■ PROVIDED MATERIAL
※

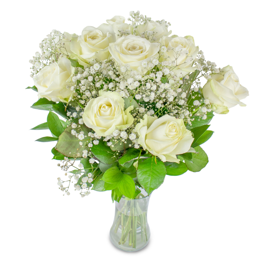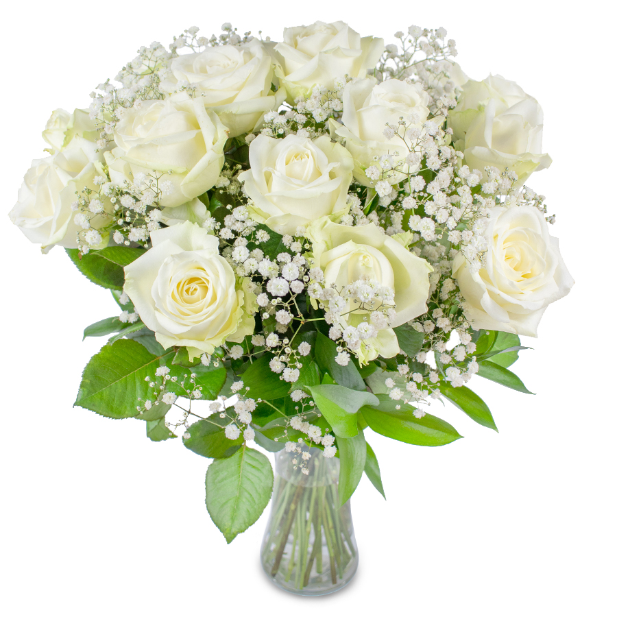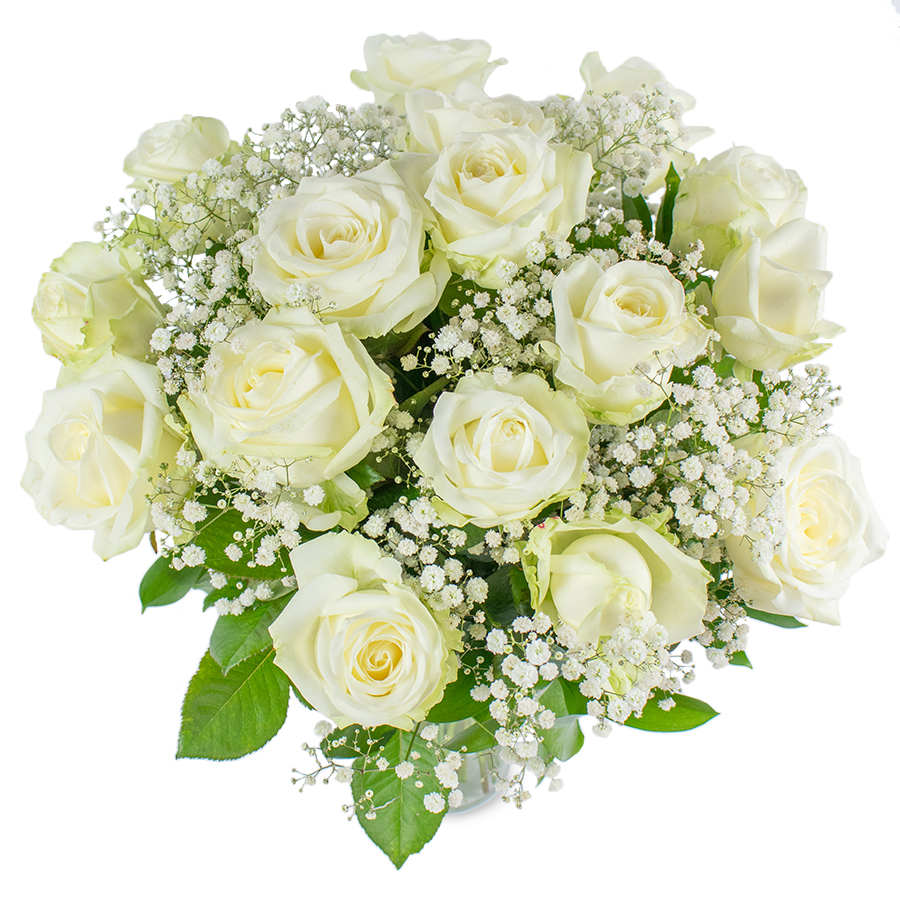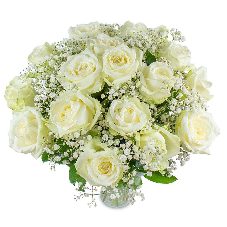 Our beautiful white roses are the perfect symbol of elegance, handpicked for their pristine freshness. This unique bouquet features flawless white roses complemented by delicate gypsophila and lush aspidistra leaves, crafting a visually appealing and unique arrangement.
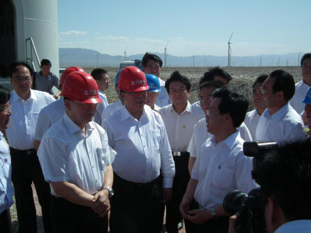 2011年7月,中央政治局常委李長春到中國節(jié)能玉門昌馬風(fēng)電場調(diào)研工作,對中國節(jié)能助力酒泉千萬千瓦風(fēng)電基地建設(shè)給予高度肯定。
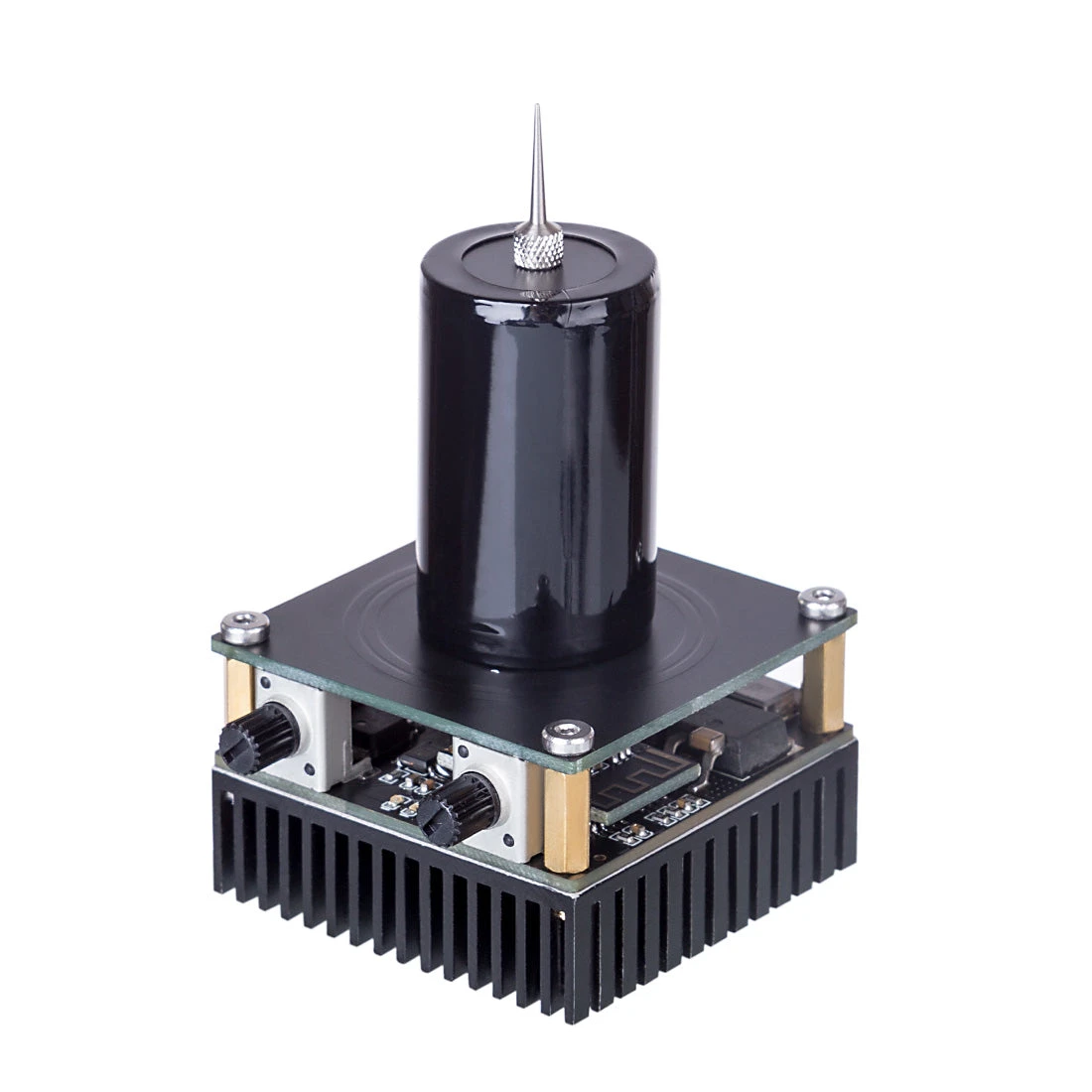 .Instructions for Use: 1: Assemble the electrode pins (the electrode pins must be assembled before starting up); 2: Connect one end of the adapter to the socket and the other end to the DC connector; 3: Connect one end of the audio cable to the smartphone or computer, and the other One end is connected to the circuit board; 4. When the switch is turned down, an arc can be generated. Adjust the left and right knobs clockwise to adjust the arc to be thicker or more; 5. Toggle the switch up to switch to music mode. Use Bluetooth (or self-provided audio cable) to connect to the mobile phone, you can play square wave music processed specifically for Tesla coil; 6. Toggle the switch to the middle is the standby mode

※

■ PROBLEM
Exactly restate the lines from the beginning of the data through the line with "2011年7月,中央政治局常", and no others, keeping pictures out.

■ YOUR RESPONSE
 Our beautiful white roses are the perfect symbol of elegance, handpicked for their pristine freshness. This unique bouquet features flawless white roses complemented by delicate gypsophila and lush aspidistra leaves, crafting a visually appealing and unique arrangement.
 2011年7月,中央政治局常委李長春到中國節(jié)能玉門昌馬風(fēng)電場調(diào)研工作,對中國節(jié)能助力酒泉千萬千瓦風(fēng)電基地建設(shè)給予高度肯定。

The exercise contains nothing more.